Früher (noch heute in Österreich) bezeichnete man als Auflassung auch das Ende der Nutzung oder die Aufgabe einer Sache, wobei diese oft der Verwahrlosung preisgegeben wird (z. B. Festungen, Eisenbahnstrecken,[1] Gräber[2] oder Kanäle). Otto Mayer erläuterte 1896, dass das Kollektiveigentum an öffentlichen Sachen seiner öffentlich-rechtlichen Natur durch die zuständige Behörde entkleidet werden könne (durch Auflassung, Aufhebung, Deklassierung, Entwidmung). Diese Auflassung bewirke, dass das Grundstück dem Staat als Privateigentum zustehe.[3] Die Auflassung sei das Gegenstück der Widmung.

Das Verb auflassen hatte noch weitere, teilweise regional begrenzte Bedeutungen wie verzichten, übergeben, feierlich übertragen.[4]

Recht

Heute bezieht sich der Rechtsbegriff im Sachenrecht des Bürgerlichen Gesetzbuches (BGB) ausschließlich auf die zur „Übertragung des Eigentums an einem Grundstück erforderliche Einigung des Veräußerers und des Erwerbers über die Eigentumsübertragung“.[5]

Rechtsgeschichte

Die Auflassung ist in ihrer ältesten Gestalt als prozessuale Auflassung überliefert. Die zur Besitzräumung verurteilte Partei erteilte dem Sieger im Rechtsstreit auf das Gerichtsurteil hin sofortige Auflassung und Investitur.
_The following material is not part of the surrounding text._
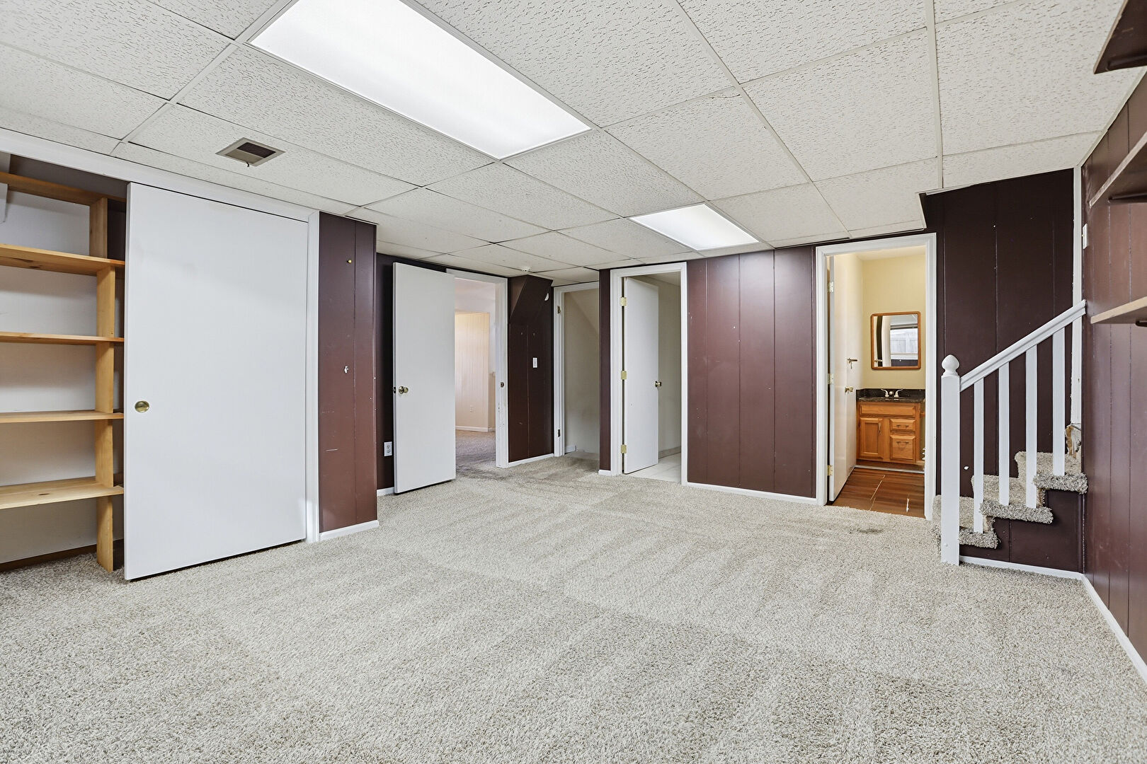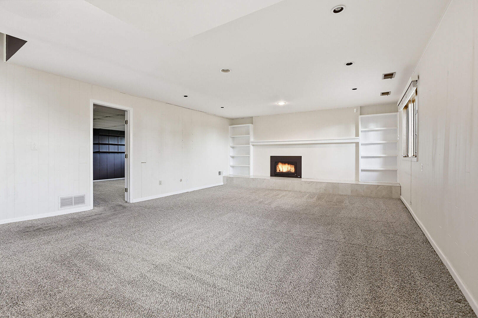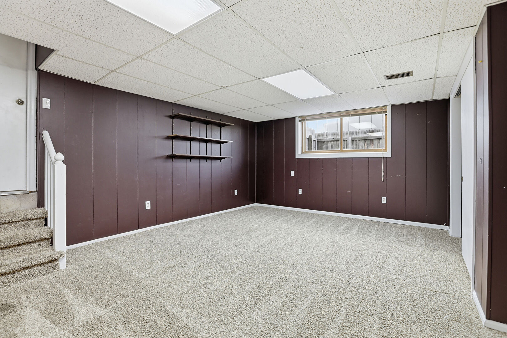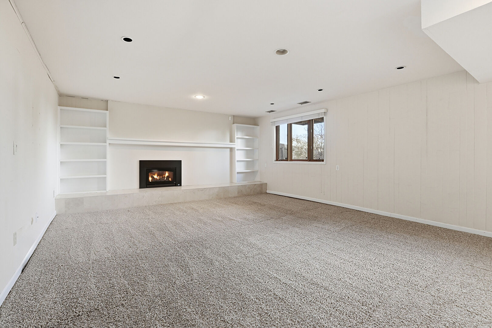 Baseboards Wall, Basement, Built In Shelves, Carpet, Cathedral Ceiling, Drop Ceiling, Drywall, High Ceiling, Natural Light, Recessed Lighting, Stairs, Vaulted Ceiling, Vent, Wood Finish Floor, Wood Wall, Carpet, Fireplace, Natural Light, Wood Finish Floor, Wood Wall

Das Gericht stellte darüber eine „unscheltbare“ (unanfechtbare) Königsurkunde aus.[6]

Im älteren deutschen gemeinen Recht musste sich der Veräußerer anscheinend von seinem Grundstück lossagen,[7] was durch Renunziation (Verzicht, Besitzübertragung) auf dem Grundstück etwa durch feierliches Verlassen geschah.[8] Die Übertragung erfolgte auch durch einen feierlichen Akt, oft verbunden mit einer Symbolik wie der Übergabe einer Erdscholle mit Zweig, wodurch der Begünstigte gerichtlich geschützte Gewere erwarb.[9] Das Hamburger Stadtrecht des Ordelbok von 1270 erwähnte den Begriff „uplaten“ in I Art. 6.[10] Diese frühe Art der Auflassung löste eine große Zahl eher traditioneller, ritualisierter deutsch-rechtlicher Formen der Grundstücksübereignungen ab. Diese, auf dem Boden des Veräußerers selbst vorzunehmenden Übereignungsarten waren allesamt bestimmt durch den Bestandteil des Verzichts (lateinisch resignatio, abdicatio), bei dem der Veräußerer das Grundstück verlässt. Das Deutsche Rechtswörterbuch geht bei der Auflassung vom lübischen Recht aus dem Jahre 1294 aus.[11] In Köln verlangte man 1390, dass die Auflassung „mit hande, mit halme, mit munde, mit metze ind wasem ind mit upgeworpen gelde in de lüycht“.[12] Sprachgeschichtlich kam später zum Begriff des Verlassens die Eigentumsübertragung auf den Erwerber hinzu. So ist es beispielsweise im Hamburger Stadtrecht von 1603 formuliert: „Aber unbewegliche Erbe und Zinse sollen für sitzenden Rath in offener Audientz verlassen und auffgetragen werden [...]“ (II tit 4 Art. 4).[13]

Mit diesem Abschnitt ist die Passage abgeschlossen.